Bipartisan Congress group urges Biden to ‘immediately’ evacuate Afghans who helped US forces as full withdrawal deadline looms
A group of lawmakers has warned US President Joe Biden that the Afghan government can’t guarantee the safety of locals who helped American troops, calling for a large-scale evacuation.
“We must evacuate our Afghan friends and allies immediately,” the lawmakers told Biden in a letter spearheaded by Seth Moulton, a Democrat from Massachusetts.
It would be a moral failure to transfer the responsibility to protect our Afghan partners onto the shoulders of the Afghan government.
The US forces have been heavily reliant on the help of Afghan translators, interpreters and other locals since invading the country in the direct aftermath of the 9/11 attacks. Biden said that the Pentagon will pull the remaining 2,500 servicemen out of Afghanistan by September 11 – nearly two decades after the invasion.
The lawmakers criticized the government for the lack of “a concrete and workable” plan to protect its Afghan allies, raising the alarm about a “growing” backlog in processing visa applications from Afghanistan.

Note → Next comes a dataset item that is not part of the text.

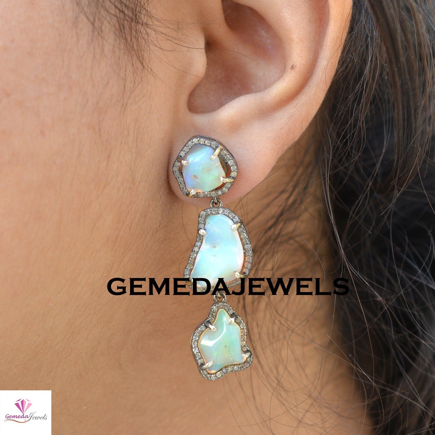 Sale Opal Gemstone Necklace, Pave Diamond Earrings, Opal Necklace Earrings Jewelry Set, 925 Solid Silver, 18" Silver Link Chain Necklace

“The current [visa] process will not work. It takes an average of 800+ days, and we plan to withdraw in less than 100 days,” they wrote, adding that more than 18,000 applicants need to get US visas before the troops leave.
The members of Congress noted how the US evacuated around 130,000 refugees from South Vietnam in 1975 when the communist forces took Saigon, and thousands of Kurds during a conflict in Iraq in the mid-1990s. “We have experience with this type of evacuation in times of crisis, and the current environment in Afghanistan clearly merits such action,” they argued.
A group of 16 lawmakers created a bipartisan ‘Honoring Our Promises’ working group in April, aiming to ensure the safety of Afghans who assisted the US troops. The step was taken amid growing concerns that the abrupt withdrawal of US forces would lead to more chaos in Afghanistan.
Former US ambassador to Afghanistan, Ronald Neumann, warned in an op-ed published in the Washington Post on Saturday that “mishandling” of the withdrawal will endanger US allies on the ground. He added that the Afghan Army could not function properly without the help of US contractors.
Former secretary of state Hillary Clinton told CNN that the departure of US troops could lead to a “potential collapse of the Afghan government and a takeover of Afghanistan by the Taliban.”
US Secretary of Defense Lloyd Austin made a surprise visit to Afghanistan in March, during which he told reporters that Washington was hoping to see “a responsible end” to the war in the country.
Biden, meanwhile, argued that the US must end its “forever war” in Afghanistan, especially since the mastermind behind the 9/11 attacks, Osama Bin Laden, was killed in 2011. “We’ve stayed in Afghanistan for a decade since. Since then, our reasons for remaining in Afghanistan have become increasingly unclear,” the president said in April.